Provide again, from the entries below, every line from the one containing "OTHER REASONS FOR" through the one containing "Строительная компания: Перевозная", exactly as written, and no other line.

DATA TO EXAMINE:
┌──

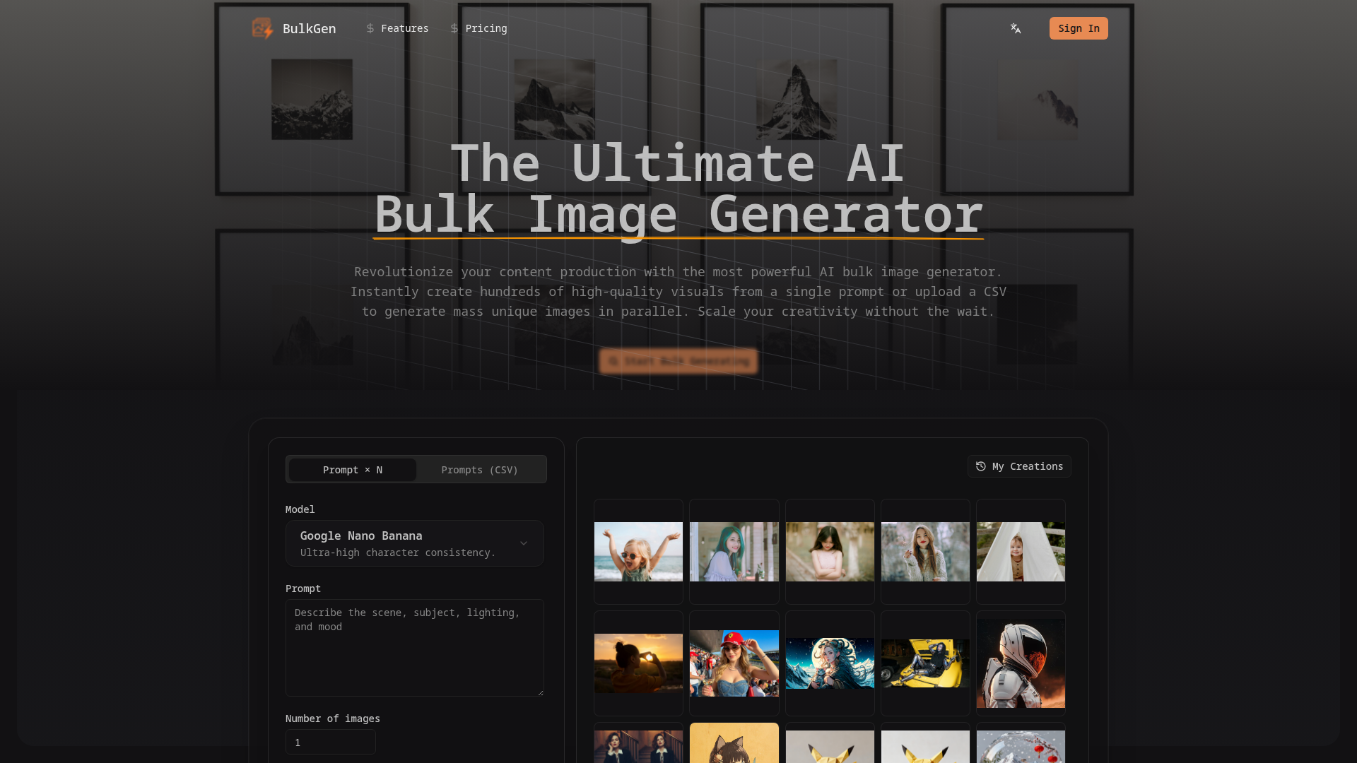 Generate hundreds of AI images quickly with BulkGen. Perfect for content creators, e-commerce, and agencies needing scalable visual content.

└──
┌──

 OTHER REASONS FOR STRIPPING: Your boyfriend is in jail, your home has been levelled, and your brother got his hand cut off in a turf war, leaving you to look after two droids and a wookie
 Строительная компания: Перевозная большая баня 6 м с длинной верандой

└──

WORKED SOLUTION:
 OTHER REASONS FOR STRIPPING: Your boyfriend is in jail, your home has been levelled, and your brother got his hand cut off in a turf war, leaving you to look after two droids and a wookie
 Строительная компания: Перевозная большая баня 6 м с длинной верандой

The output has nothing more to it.